Tiers: Software in NOAA has a broad range of intended uses. For the purpose of this Administrative Order, NOAA identifies the following broad categories (“tiers”) of intended and/or active use within NOAA, ordered to align with the policy areas described in section 7 (e.g., Quality Assurance and Documentation). The tier assignment for software packages does not need to be static and may change during its life cycle. Software types provided in brackets are intended as examples only.

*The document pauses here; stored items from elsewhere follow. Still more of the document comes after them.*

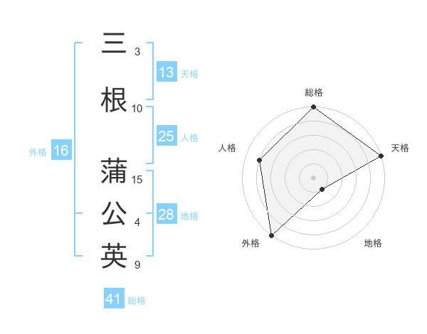 三根 蒲公英さんを姓名の画数から五運を鑑定
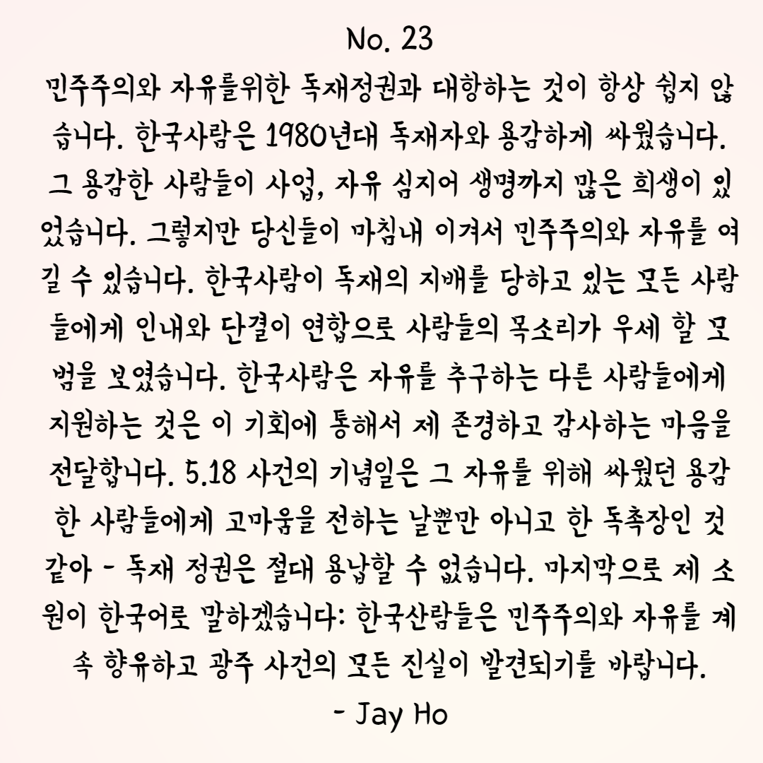 민주주의와 자유를위한 독재정권과 대항하는 것이 항상 쉽지 않습니다. 한국사람은 1980년대 독재자와 용감하게 싸웠습니다. 그 용감한 사람들이 사업, 자유 심지어 생명까지 많은 희생이 있었습니다. 그렇지만 당신들이 마침내 이겨서 민주주의와 자유를 여길 수 있습니다. 한국사람이 독재의 지배를 당하고 있는 모든 사람들에게 인내와 단결이 연합으로 사람들의 목소리가 우세 할 모범을 보였습니다. 한국사람은 자유를 추구하는 다른 사람들에게 지원하는 것은 이 기회에 통해 서제 존경하고 감사하는 마음을 전달합니다. 5.18 사건의 기념일은 그 자유를 위해 싸웠던 용감한 사람들에게 고마움을 전하는 날뿐만 아니고 한 독촉장인 것 같아 - 독재 정권은 절대 용납할 수 없습니다. 마지막으로 제 소원이 한국어로 말하겠습니다: 한국산람들은 민주주의와 자유를 계속 향유하고 광주 사건의 모든 진실이 발견되기를 바랍니다.
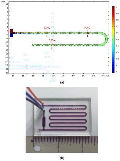 The micromixer is the key to the microfluidic chip, which has a great impact on the detection time and sensitivity of this biosensor. COMSOL software (COMSOL Inc., Stockholm, Sweden) was used to simulate the mixer with a convergence-divergence structure and evaluate its mixing efficiency. As shown in Figure 1a, the mixing efficiency reaches 50%, 70% and 90%, when the number of the convergence-divergence structures is 7, 16 and 28, respectively. This indicates that the convergence-divergence mixer has an excellent mixing efficiency. To ensure complete mixing of MNPs modified with monoclonal antibody against Salmonella Typhimurium, the MnO2-QD-pAb NFs, and the target bacteria, 32 convergence-divergence structures and a serpentine incubating channel were used. As shown in Figure 1b, the microfluidic chip has a length of ~6 cm and width of ~4 cm. To further verify the mixing efficiency of the chip, red and blue inks were injected into the chip at the same rate of 25 µL/min. As can be seen from Figure 1b, blue and red inks were fully mixed after flowing through the mixing channel.
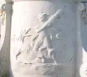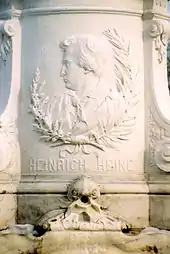 The figure symbolizing poetry is the only one of the three figures that faces the relief of Heine. It also faces towards a rose, which is supposed to express a particularly intimate relationship between poetry and Heine.[5] From the right of the Heine-relief is the figure of satire, which turns her upper body towards Heine.[6] In the back of the monument is positioned the "melancholy". The hair of the figure is long and unadorned, and she looks down sadly.[7]
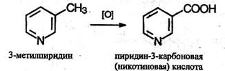 4. Гомологи пиридина по свойствам похожи на гомологи бензола. Так, при окислении боковых цепей образуются соответствующие карбоновые кислоты:

Tier 0: Trivial software for individual use (e.g., a custom calculator in spreadsheet software).
Tier 1: Simple software for one-time publicly visible use (e.g., plotting scripts for a publication).
Tier 2: Software for daily or one-off use (e.g., internal monitoring software, web visualization software, supporting academic papers) but with a limited scope of outputs, simple interactions with other software, and minimal consequences of failures. Tier 3: Software tools for repeated use: developmental. This software is generally developed as a product intended for repeated use or public release (e.g., development of simulation models and development of retrieval algorithms for observing systems).
Tier 4: Software tools for repeated use: mature. Software systems similar to tier 3, mature enough, for instance, applied research, or broad public distribution.
Tier 5: Software with active full support of its end-to-end components (e.g., simulation software used and supported by a broad community, such as weather, ocean, climate, fisheries, and navigational advisory models).

SECTION 6. PRINCIPLES.

Laws and policies require NOAA, in most cases, to publicly distribute software that is used for its mission, generally with exemptions for classified or proprietary third-party software, or software whose release is otherwise restricted by law (see Section 2, Clause 12). This requirement applies to all software that NOAA develops for its mission, either within NOAA, or with external partners, including software that is wholly or predominantly developed outside of NOAA.
NOAA benefits from using software that is developed and maintained by a large and diverse community. These benefits are established in the initial report of the Unified Modeling Task Force (now Unified Modeling Committee) under the NOAA Research Council (Link, et al. 2017, https://repository.library.noaa.gov/view/noaa/14156).³ Such an approach benefits research, operations, and transitions between the two, as well as other transitions, such as to commercialization.
In order to achieve the benefit of community-developed software, NOAA must adhere to the same software standards and best practices for quality assurance and documentation that it expects from its outside collaborators.
Effective community modeling for both NOAA and the broader community requires identification of and adherence to best practices within the confines of laws and policies relevant to software used and (partially) developed by Federal employees or with Federal funding. This is enabled by:
1. Tiering of software. Not all software is equal. NOAA defines different tiers to find a balance between the additional work required to release high-quality software to the public, and the benefit of high-quality software releases to enable and leverage community contributions to software for better serving NOAA’s mission.
2. Public release requirements. Tiering allows for defining minimum levels of QA, documentation and support of software identified for various internal use and for public release.
3. Intellectual Property (IP) consideration. For all software NOAA uses and co-develops, IP ownership issues need to be addressed before software can be released publicly or transitioned into operations. To avoid potentially significant legal issues at this stage, IP ownership and accompanying rights must be addressed clearly and proactively prior to software development.
The public benefits from open access to the software developed by NOAA employees and with NOAA funding. Such access increases transparency, promotes confidence in NOAA science, and encourages new and innovative uses of such software by researchers and entrepreneurs.
Intellectual property rights inherently exist for all software products developed and codeveloped in the execution of NOAA’s mission. These rights will drive if and how software may be distributed and licensed. A detailed discussion of these issues can be found in the handbook.
Intellectual property rights and attribution may be further communicated through the issuance of a DOI on software publicly released by NOAA.
Retirement of software by NOAA is an essential part of NOAA software management, in particular with respect to discontinuing support and maintenance, and is required for software that is no longer supported or being maintained. Procedures for software retirement are discussed in the Handbook.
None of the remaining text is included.